Saturday Fright and Sunday Mourning

Candy Joyce is a seamstress, designer and zombie nut who has managed to combine these passions in her company Flipping Zombies. To celebrate our 12th issue out on 8 Feb (and first birthday) she spent quite a few Saturday nights and Sunday mornings making us an Alan Sillitoe doll.

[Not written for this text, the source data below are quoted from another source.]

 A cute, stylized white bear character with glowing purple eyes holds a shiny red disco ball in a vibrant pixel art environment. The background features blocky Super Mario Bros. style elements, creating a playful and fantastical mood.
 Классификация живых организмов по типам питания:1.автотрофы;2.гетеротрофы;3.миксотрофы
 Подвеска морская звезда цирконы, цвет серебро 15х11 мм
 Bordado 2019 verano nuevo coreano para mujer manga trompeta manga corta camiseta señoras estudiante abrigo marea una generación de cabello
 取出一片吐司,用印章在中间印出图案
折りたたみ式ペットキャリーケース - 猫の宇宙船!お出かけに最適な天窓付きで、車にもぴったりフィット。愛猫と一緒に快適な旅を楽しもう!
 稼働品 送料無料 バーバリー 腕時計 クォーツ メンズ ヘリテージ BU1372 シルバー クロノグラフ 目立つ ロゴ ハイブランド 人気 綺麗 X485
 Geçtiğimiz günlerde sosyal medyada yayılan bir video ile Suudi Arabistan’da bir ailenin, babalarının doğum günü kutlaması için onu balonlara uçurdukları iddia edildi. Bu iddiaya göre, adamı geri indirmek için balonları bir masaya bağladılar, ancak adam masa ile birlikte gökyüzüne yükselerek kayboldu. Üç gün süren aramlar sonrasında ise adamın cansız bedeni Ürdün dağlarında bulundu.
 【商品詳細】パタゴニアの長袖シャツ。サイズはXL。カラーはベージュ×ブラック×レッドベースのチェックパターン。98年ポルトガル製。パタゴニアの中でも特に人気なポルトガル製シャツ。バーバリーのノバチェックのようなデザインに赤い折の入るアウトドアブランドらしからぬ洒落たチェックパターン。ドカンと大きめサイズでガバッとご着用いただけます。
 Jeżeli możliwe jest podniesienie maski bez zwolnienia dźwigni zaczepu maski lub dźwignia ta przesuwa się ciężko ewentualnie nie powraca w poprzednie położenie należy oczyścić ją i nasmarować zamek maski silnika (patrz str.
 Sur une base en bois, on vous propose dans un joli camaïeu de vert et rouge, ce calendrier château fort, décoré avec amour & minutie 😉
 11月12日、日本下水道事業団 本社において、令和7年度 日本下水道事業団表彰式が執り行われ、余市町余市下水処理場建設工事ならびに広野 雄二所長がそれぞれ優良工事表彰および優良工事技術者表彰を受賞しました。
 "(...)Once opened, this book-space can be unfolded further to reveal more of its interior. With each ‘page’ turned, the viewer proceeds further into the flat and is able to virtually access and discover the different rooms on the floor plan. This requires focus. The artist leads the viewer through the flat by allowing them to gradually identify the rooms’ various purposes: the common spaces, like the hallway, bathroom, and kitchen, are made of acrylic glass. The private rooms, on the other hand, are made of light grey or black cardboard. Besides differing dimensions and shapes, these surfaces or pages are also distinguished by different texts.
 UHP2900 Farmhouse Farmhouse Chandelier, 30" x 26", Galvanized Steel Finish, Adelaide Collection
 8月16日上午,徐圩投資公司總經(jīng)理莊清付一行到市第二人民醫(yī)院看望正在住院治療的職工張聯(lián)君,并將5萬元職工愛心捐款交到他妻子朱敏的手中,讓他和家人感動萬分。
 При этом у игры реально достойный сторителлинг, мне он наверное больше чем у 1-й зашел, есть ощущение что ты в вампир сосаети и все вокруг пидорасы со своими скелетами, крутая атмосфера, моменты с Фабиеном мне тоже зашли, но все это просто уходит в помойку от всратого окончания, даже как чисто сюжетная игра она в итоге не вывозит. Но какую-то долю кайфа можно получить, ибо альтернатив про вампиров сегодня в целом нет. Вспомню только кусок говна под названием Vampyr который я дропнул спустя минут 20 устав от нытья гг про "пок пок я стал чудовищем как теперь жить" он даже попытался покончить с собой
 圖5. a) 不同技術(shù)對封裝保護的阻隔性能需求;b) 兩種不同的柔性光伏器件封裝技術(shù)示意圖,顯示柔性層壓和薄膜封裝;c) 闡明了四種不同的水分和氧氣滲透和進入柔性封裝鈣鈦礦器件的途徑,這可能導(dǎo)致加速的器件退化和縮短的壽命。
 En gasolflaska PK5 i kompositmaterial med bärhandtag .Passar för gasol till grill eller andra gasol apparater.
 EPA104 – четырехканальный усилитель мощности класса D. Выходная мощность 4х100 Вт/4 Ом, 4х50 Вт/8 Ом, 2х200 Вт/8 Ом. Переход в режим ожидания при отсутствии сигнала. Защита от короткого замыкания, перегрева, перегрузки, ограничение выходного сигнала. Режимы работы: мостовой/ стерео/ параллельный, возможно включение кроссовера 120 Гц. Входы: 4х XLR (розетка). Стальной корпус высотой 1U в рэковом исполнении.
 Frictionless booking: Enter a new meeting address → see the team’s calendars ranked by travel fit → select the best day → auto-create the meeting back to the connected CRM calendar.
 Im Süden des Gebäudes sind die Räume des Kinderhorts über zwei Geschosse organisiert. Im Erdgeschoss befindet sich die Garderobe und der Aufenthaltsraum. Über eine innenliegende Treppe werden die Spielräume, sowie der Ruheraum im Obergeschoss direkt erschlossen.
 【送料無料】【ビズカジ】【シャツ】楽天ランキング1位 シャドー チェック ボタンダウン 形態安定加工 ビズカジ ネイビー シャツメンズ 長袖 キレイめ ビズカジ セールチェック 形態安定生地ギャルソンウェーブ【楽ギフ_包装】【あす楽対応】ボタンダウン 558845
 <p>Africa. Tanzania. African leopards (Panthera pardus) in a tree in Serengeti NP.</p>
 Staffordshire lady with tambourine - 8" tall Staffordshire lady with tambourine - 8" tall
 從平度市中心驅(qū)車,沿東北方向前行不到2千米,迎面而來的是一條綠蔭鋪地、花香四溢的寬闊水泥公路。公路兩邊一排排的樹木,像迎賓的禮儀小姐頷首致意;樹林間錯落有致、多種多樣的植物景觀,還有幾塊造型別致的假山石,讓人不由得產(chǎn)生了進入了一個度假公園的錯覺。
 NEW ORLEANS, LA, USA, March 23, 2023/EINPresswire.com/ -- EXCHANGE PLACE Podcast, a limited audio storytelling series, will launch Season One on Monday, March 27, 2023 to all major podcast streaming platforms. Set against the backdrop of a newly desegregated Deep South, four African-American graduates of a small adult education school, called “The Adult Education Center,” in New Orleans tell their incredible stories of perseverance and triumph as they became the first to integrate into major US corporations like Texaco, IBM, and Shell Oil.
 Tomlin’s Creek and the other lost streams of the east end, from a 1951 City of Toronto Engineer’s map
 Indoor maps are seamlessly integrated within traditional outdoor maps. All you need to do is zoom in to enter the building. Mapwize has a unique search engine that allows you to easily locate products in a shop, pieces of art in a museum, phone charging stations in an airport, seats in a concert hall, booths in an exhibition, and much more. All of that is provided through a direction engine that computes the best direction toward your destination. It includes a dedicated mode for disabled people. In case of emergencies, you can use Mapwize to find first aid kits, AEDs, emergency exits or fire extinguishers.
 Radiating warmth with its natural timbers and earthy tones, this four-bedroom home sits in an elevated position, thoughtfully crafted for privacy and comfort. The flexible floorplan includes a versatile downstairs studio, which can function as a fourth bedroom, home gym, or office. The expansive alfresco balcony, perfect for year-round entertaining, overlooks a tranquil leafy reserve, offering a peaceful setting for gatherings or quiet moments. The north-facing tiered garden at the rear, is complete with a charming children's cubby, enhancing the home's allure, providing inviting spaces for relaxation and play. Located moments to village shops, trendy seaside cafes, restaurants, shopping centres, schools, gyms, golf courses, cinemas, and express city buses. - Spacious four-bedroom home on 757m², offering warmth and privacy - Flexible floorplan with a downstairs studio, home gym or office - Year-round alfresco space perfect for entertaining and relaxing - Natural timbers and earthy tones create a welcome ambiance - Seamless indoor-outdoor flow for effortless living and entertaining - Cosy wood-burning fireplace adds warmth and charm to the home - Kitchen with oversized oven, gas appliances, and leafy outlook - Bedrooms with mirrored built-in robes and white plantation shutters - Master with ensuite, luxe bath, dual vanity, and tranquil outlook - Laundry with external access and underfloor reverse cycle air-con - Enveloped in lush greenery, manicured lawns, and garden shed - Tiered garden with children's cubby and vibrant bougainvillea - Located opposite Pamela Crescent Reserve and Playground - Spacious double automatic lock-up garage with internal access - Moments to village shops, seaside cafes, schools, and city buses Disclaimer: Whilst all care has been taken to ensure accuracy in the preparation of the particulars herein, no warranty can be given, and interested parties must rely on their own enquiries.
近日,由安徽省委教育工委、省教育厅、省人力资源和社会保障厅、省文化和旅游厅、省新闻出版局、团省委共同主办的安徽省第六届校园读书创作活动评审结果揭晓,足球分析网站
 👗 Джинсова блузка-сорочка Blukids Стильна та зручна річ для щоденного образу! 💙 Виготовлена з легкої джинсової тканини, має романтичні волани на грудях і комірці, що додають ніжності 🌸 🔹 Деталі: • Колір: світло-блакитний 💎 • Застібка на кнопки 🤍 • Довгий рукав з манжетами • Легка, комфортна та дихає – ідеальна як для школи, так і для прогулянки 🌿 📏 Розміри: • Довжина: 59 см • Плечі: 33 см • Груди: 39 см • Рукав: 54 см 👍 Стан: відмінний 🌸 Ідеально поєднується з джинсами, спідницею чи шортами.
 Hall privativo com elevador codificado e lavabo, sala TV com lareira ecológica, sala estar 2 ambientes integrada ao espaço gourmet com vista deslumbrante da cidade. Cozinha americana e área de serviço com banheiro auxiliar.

I love zombies; their relentless nature makes them terrifying monsters but they’re also great for social commentary. Don’t believe me? Well, you’ve got your zombies as a symbol for consumerism in Dawn of the Dead, zombies as a symbol for class struggle in Land of the Dead, zombies as a symbol for human isolation in 28 Days Later. And now we have Dawn of the Unread, a subtle twist on the zombie genre, where writers, frustrated at library cuts and bookshop closures, return from the grave in search of the one thing that can keep their memories alive: ‘boooks’

David Wong, author of This Book Is Full Of Spiders: Seriously Dude Don’t Touch It, uses a zombie analogy to comment on religion, but for me, it’s an observation on creativity.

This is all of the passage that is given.